IS CONVENIENCE REALLY DISRUPTING OUR FOOD CULTURE?

IS CONVENIENCE REALLY DISRUPTING OUR FOOD CULTURE?

Just a short while ago The Guardian shared a stark report on the upheaval that the arrival and eventual cataclysmic departure of a Walmart had on McDowell County in coal country, West Virginia.

When the supercenter opened in the small county, it almost immediately replaced many of the mom-and-pop shops that had supplied residents of the area for years. The sheer size of the supermarket meant that it also served as a gathering place for residents, and the community shifted to adapt to the increased traffic with a number of bars and restaurants in the area thriving.

But once the Walmart closed, there was no one remaining to pick up the Emmental-sized holes it left in the region. This brought to mind a recent trip to Switzerland, where I stayed with an Airbnb host in the almost impossibly quaint town of Gsteigwiler, near the tourist hotspot Interlaken.


Our host Annarös was keen to point out that the village shop depended on the deliberate patronage of visitors and local residents, and how the shop in turn gave back to the community by stocking local cheeses, yoghurts, and wine from many of the villagers themselves. We were encouraged to support the store instead of a nearby supermarket, and the owner was clever enough to offer a unique range of products. While the village shop isn’t essential, it does possess a small niche that enables it to remain open—for the time being.

During the month that I was away in Europe, I spent a week driving through France visiting winemaker friends in far-flung towns. The loss of a village shop was a fact of life that almost all of the growers subconsciously brought up, as they shared rustic but delicious meals with my friends and I.
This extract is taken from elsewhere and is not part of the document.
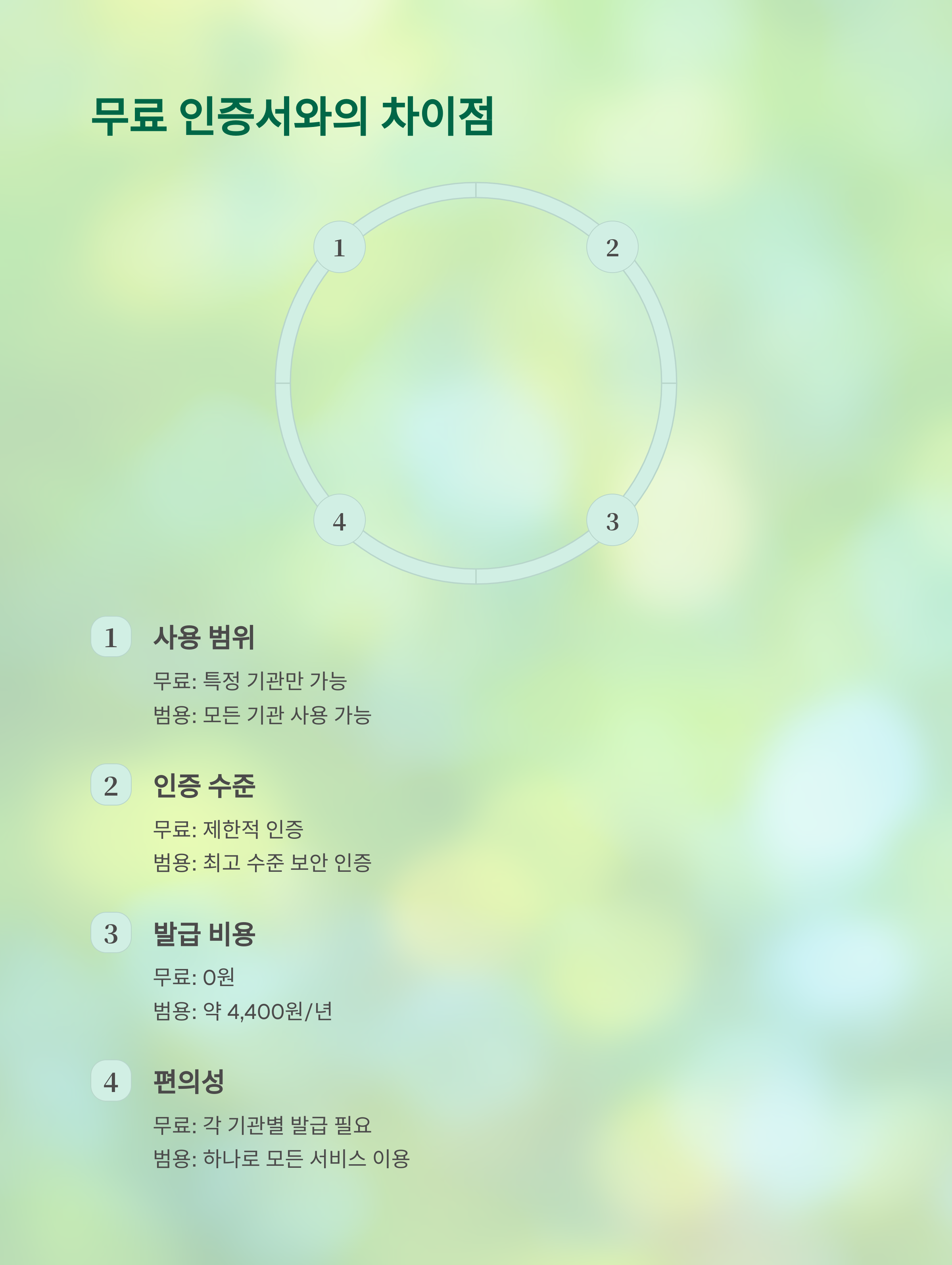 보안 수준도 차이가 있어요. 범용공인인증서는 발급 시 실명 인증과 신분증 확인 과정을 거치기 때문에 사용자 확인 절차가 훨씬 엄격해요. 반면 무료 인증서는 간편하지만 휴대폰 번호나 간이 인증 절차만 거치는 경우가 많아요.

In a similar case to how the residents of McDowell County quickly accepted the Walmart due to the competitive prices, convenience, and sheer selection, many of the winemakers admitted that they too shopped at supermarkets. They also mentioned that the situation wasn’t so black-and-white, because many of the supermarkets helped to stock local artisan goods—such as the freshly baked bread that we were eating, or the slices of Morbier and Comté that came after one of our meals in Bugey.

However, the case of McDowell County was a harsh reminder of how supermarkets do more than just make our lives cheaper and easier—they also disrupt our food culture. And in the extreme case that they end up closing and nothing returns to replace them, an essential part of our communities can become lost.

In Hong Kong a kickstarter project to introduce a farmer’s market on the west side of the island failed to receive adequate funding from the public to continue. It seems strange to me, with the copious number of tote bags that egg us on to eat local, and with the fact that farmer’s markets provide tastier, cheaper food, that from Hong Kong to Switzerland we still can’t seem to make eating as local as possible a reality.

Even for those of us who live in some of the largest cities in the world, there may come a day in the very near future when supermarkets no longer exist. As shown by the acquisition of Whole Foods by Amazon, grocery shopping is likely to undergo a sea change.

When the rows of plastic and aluminium that line our supermarkets disappear, it’s possible that the corner shops we take for granted will too. And while a drone might be able to drop off a midnight snack delivery directly to your doorstep in 2025, each time you decide to buy that banana from a supermarket instead of the local store, it only hastens the day when the owner decides it’s just no longer sustainable to remain open.

Small rebellions like this may most likely not halt the slow creeping of artificial intelligence into our daily lives, but it might delay the introduction of such cold conveniences like this.

This article was written and shot by Anne Berry.